4 Aralık 2020 Cuma

Evlenilecek Kadın - Margaret Atwood

 

Margaret Atwood'u Handmaid's Tale (Damızlık Kızın Öyküsü) dizisi ile tanıdım. Kitabının konusundan yola çıkılarak dizi yapılmış olması ve distopik bir eser olmasıyla dikkatimi çekti. Dizinin ilk sezonunu ilgiyle izledim, hemen ardından kitabını da okudum. Diziden çok daha güzel bir deneyimdi kitabını okumak.

Sonrasında yazarın 24 yaşında yazmış ve yayımlatmış olduğu ilk kitabını okudum. Evlenilecek Kadın. 

Kitapta tüketici davranışları üzerine anket ve araştırmalar yapan bir şirkette çalışan Marian karakteri ve ev arkadaşı Ainsley ile diğer karakterler Len , Joe, Clara, Duncan ve Peter üzerinden kadın olmak üzerine bir hikaye anlatılıyor. 

Kitabın orijinal adı: "The Edible Woman". Yani "Yenilebilir Kadın". Yazar kitabın adına bir şekerci dükkanının vitrinindeki domuz biçimindeki acıbadem kurabiyelerine bakarken karar verdiğini yazmış kitabın önsözünde. Bunu bir sembolizm olarak kullanmış. Ana karakterin yaptığı kekin üzerine süslemelerle kadın resmi çizmesi ve sonrasında şekerden kadının başını vücudundan ayıran çatal darbesini kendisinin vurması bunun işareti.
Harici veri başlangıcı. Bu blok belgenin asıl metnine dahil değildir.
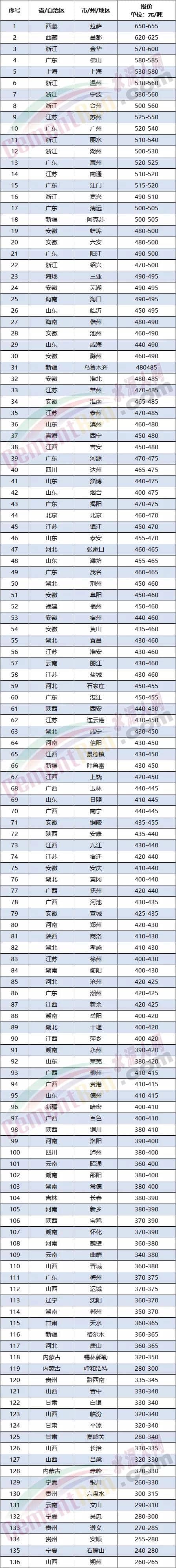 從水泥人網(wǎng)重點(diǎn)監(jiān)控的100多個(gè)區(qū)域報(bào)價(jià)來看各區(qū)域均價(jià)約在418.65~442.72元/噸之間,在400~500元/噸價(jià)格區(qū)間的區(qū)域約占60%以上。最高價(jià)仍在西藏高原地區(qū),昌都區(qū)域PO42.5散裝水泥報(bào)價(jià)達(dá)到620-625元/噸,處于第二位的是長(zhǎng)三角區(qū)域和珠三角區(qū)域,浙江金華報(bào)價(jià)已超600元/噸,廣東佛山目前報(bào)價(jià)與600元/噸也只差一張20元/噸的“漲價(jià)函”。從目前的行情趨勢(shì)來看,達(dá)到600元/噸也是指日可待。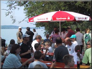 Im Anschluß konnten sich die Kinder bei Bratwurst und Getränk stärken. Am Ende wurde den Kindern noch eine kleine Überraschung überreicht und das Feuerlöschboot verabschiedete sich auf dem See mit riesigen Wasserfontänen.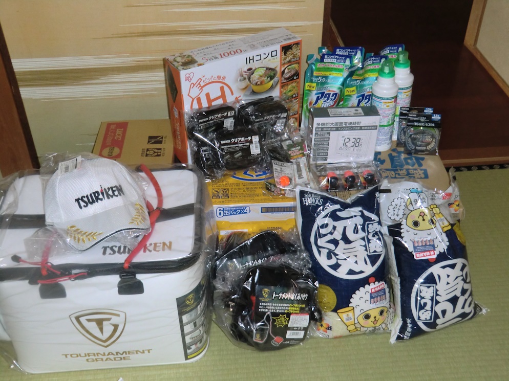 次の日曜日の釣研FG北九州支部総会の抽選会用の賞品がそろいました。

Kariyerinde fena sayılmayacak bir noktadayken sevgilisi Peter'dan evlilik teklifi almasıyla kendini, insanlığını ve kadınlığını sorgulamaya başlayan karakterimiz, eski arkadaşı, uyumsuz karakter Duncan'ın da etkisiyle kendini bambaşka bir noktada bulur, beslenme tercihlerini değiştirir. Bir yandan da ev arkadaşı Ainsley'le birlikte toplumdaki kadın rolüne biçilen standart kriterlere karşı çıkar. Bir çocuk annesi ve ev sahibi kadın ise yalnız yaşayan bu iki kadına karşı tavırlarıyla toplumun ta kendisi rolünü tek başına üstlenir. 

Okurken çok keyif aldığım, aynı zamanda düşündüren bir kitap oldu, dili çok akıcı. Olay örgüsü insanı şaşırtan cinsten. Tavsiye ediyorum. Keyifli okumalar.

Altı Çizili Cümleler

- Öylesine içimize kapanmışız ki, kendimizden başka kimseyi görmez olmuşuz.

- İnsan ırkının gitgide dejenere olduğunu biliyoruz ve bunun tek nedeni insanların zayıf genlerini hiç düşünmeden sonraki kuşaklara geçirmeleri.

- Kendi kendine acımak bir süre sonra sıkıcı olmaya başlar. Ama bu senin kişisel çıkmaz sokağın, kendin icat ettin, oradan kurtulmanın yolunu da kendin bulmak zorundasın. 

- Eğer bireyler yolu açmazsa toplumlar nasıl değişebilir?